Since in the majority of collisions the motorist not the cyclist is at fault, will there be a crackdown on reckless driving? Er, no.

Officers from Hampshire Constabulary's Roads Policing Unit have created the Steer Clear campaign, which is being launched across the county on October 1. 

New signs will be appearing on the roads of Hampshire today (October 1) to raise public awareness of the dangers posed to cyclists. 

Throughout October, officers will be carrying out initiatives to raise cyclists awareness of safety on the roads including knowledge of the Highway Code, basic road safety, and traffic awareness. 

The police spokesman masterminding this cycling noise says:

Our message to cyclists is very simple; be safe and be seen. Our leaflet highlights key safety tips, and gives you some discount vouchers to help get yourself kitted out properly; think high visibility, check your lights, and remember the Highway Code, it is really important. Things like cycling recklessly on the pavement, having no lights on your bike, cycling and driving under the influence of drugs and drink, or more than one person riding on a solo bike. We will be focusing on encouraging all road users to grasp the concept of mutual respect. We want to foster a culture of mutual respect between all road users to create a safer environment on the roads. 

Apart from the conspicuity crap (all about cyclists doing their best to shine a bright yellow in the hope of being noticed by the texting driver), and apart from the reality that the thrust of this campaign is focused on cyclists not drivers, there is not a scrap of evidence that ‘ mutual respect’ campaigns or education have the slightest beneficial result. This is not evidence-based 'road safety'. Crap campaigns like this are a substitute for road traffic law enforcement in a vehicular cycling environment. If the police were at all interested in making the roads safer they could start taking driver crime seriously, since the latest figures show that:

47% of cars exceeded a 30mph speed limit in 2011, while 49% went faster than 70mph on a motorway. The proportions of motorcyclists breaking the same speed limits were similar, at 50% and 49% respectively. 

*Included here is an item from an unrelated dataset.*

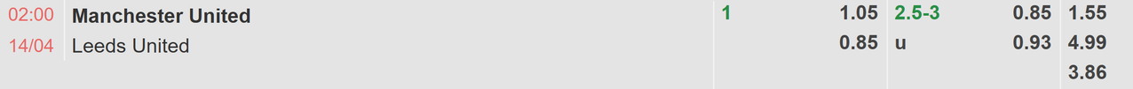 Khoảng cách 9 điểm với vị trí nhì bảng khiến Man United vẫn cần phải nỗ lực rất nhiều để thu hẹp khoảng cách, cuộc gặp gỡ với Leeds United đang ở khu vực cuối bảng xếp hạng sẽ là một cơ hội tốt cho CLB chủ sân Old Trafford mang về chiến thắng trong bối cảnh mùa bóng năm nay chỉ còn 7 vòng nữa sẽ kết thúc.

The figures for articulated heavy goods vehicles (HGVs) were considerable higher, with 71% exceeding the single carriageway 40mph limit and more than four in five breaking the 50mph limit on dual carriageways. 

The road haulage industry is out of control, yet there is no shortage of cycle campaigning which hopes to make lorry drivers nice people who remember to watch out for cyclists at junctions.

4. PACTS cycling noise 

It is reported that

Annual road casualty statistics showed that overall cyclist casualties reported to the police rose by 12 per cent between 2010 and 2011. While the number of fatalities fell by 4 per cent to 104, the number of cyclists who were seriously injured rose by 16 per cent to 3,085 last year. 

The number of serious injuries has increased every year since 2004. 

Commenting on this Times story

Robert Gifford, Executive Director of the Parliamentary Advisory Council for Transport Safety, said: “Both central and local government need to do far more to make our infrastructure more suited to cycling with dedicated cycle lanes where appropriate, better signed advance stop lines and campaigns aimed at getting car drivers to look out for cyclists.” 

Nothing but the same old crap. Leaving aside the fact that cycle lanes alongside or amidst motor vehicles have demonstrably failed to bring about mass cycling in Britain, that weasel phrase ‘where appropriate’ is a giveaway. Cycle lanes very often fizzle out just before road junctions, so they won’t get in the way of ‘stacking’ motor vehicles in two or three lanes (in central London sometimes even more) to ‘smooth traffic flow’. To allow a British transport planner to determine what is ‘appropriate’ for cycling is to surrender before the battle has even begun.

As for ‘better signed advance [sic] stop lines’. Yes, perhaps we could make them even more conspicuous.